Rava dosa is a quick and popular variant of dosa from South Indian cuisine. These are crispy, netted, and thin crepes made with semolina (rava or cream of wheat), rice flour, all-purpose flour, and spices. These are incredibly easy to make and require no grinding or fermentation, unlike the traditional Dosa recipe.
Ingredients
1/2 cup Rawa/ Semolina/ Suji
1/2 cup rice flour
1/4 cup maida
2 tsp corn flour
1 tsp salt
1 finely chopped chilli
1/2 inch ginger piece
1 tsp jeera/Cumin seeds
1/2 tsp turmeric powder
Few chopped curry leaves
3 tbsp chopped coriander leaves
3-4 cups of water
Oil for cooking dosa
Procedure
In a large bowl take rawa, rice flour, corn flour, and maida.
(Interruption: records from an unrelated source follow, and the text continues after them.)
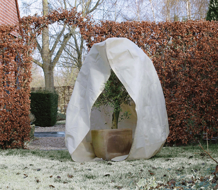1 housse d'hivernage, Ø150cm x 200cm, en polypropylène non tissé, traitées anti-UV, de coloris blanc et de densité 70g/m². Au bas de la housse, une cordelette de serrage avec système autobloquant pour une fixation rapide et système de fermeture zippée.
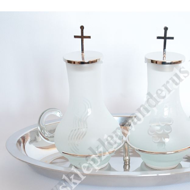 Komplet szklanych ampułek, piaskowanych wraz z metalową tacką. Tacka oraz korki ampułek są niklowane.
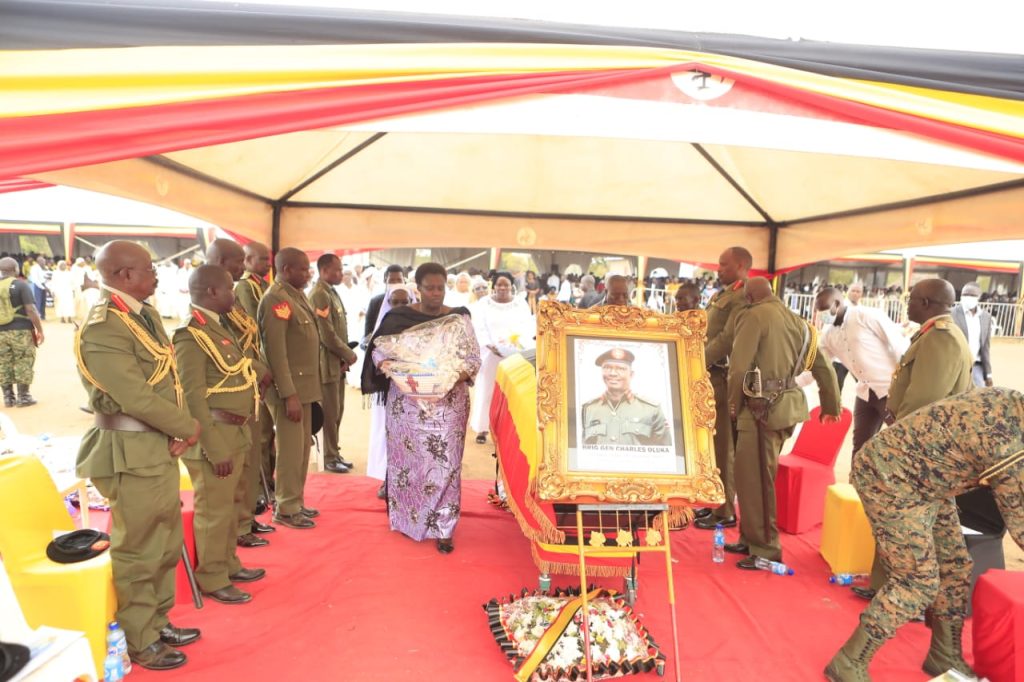 She thanked VP Alupo for proposing that her husband be buried today, Sunday, February 8th, to allow thousands of mourners to pay their tribute to Gen. Oluka. She thanked ISO and the UPDF in fraternity for giving her husband a conducive atmosphere to work and for turning up in big numbers to send him off.
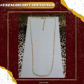 Corrente Singuel folheado a ouro 18k Corrente Singuel malha Singapura folheado a ouro,versátil uso para todas as ocasiões e todos os looks,peça coringa para o seu porta joia.Super tendência ideal para fazer combinações com mix de colares mais longos deixando você linda e elegante com as semi jóias Maria Rita Designer. Ficha técnica; Tipo de banho: Folheado a ouro Cor do banho:Dourado Tamanho:45cm comprimento 5cm alongador Peso:2,0gs Você receberá suas semi joias embalada em caixa acompanhada do certificado de . Cuidados e conservação com a semi joia: Para o seu conforto utilizamos materiais que reduzem o risco de alergia e camadas de banho de qualidade que aumentam a durabilidade ,por isso a de 2 anos. FREE NÍQUEL Para manter o brilho e a cor da sua semi jóias, são necessários alguns cuidados simples, como evitar o contato com produtos químicos, como itens de limpeza, cloro de piscina, entre outros; procurar não tomar banho com a semi jia para evitar a opacidade do metal; e limpar a peça com uma flanela macia, guardando-as sempre individualmente. A Maria Rita Designer acredita que toda mulher é única e especial. Nosso é contribuir com o destaque de sua beleza através das criações das semi jóias de altíssima qualidade, com modelos clássicos, modernos e contemporâneos, ideal para qualquer momento do seu dia. SEJA UNICA usemariaritadesigner Marca: Não Informado Ean: 7897133126430

Add salt and 1 1/2 cups of water.
Whisk and mix well making sure there are no lumps.
Add chopped ginger, green chilli, jeera, turmeric powder, chopped curry leaves, and coriander leaves.
Add the remaining water and prepare a watery consistency batter. Rest the batter for 20 mins making sure the rawa has absorbed the water.
Heat dosa Tawa. Mix the batter well and pour a ladle of batter over very hot Tawa.
Drizzle with 2 teaspoons of oil or ghee. Lower the flame and cook until the dosa turns golden brown and crisp.
Serve hot dosa with chutney, sambar, saagu, or potato bhaji.
Mix the dosa batter well every time you pour the batter on Tawa.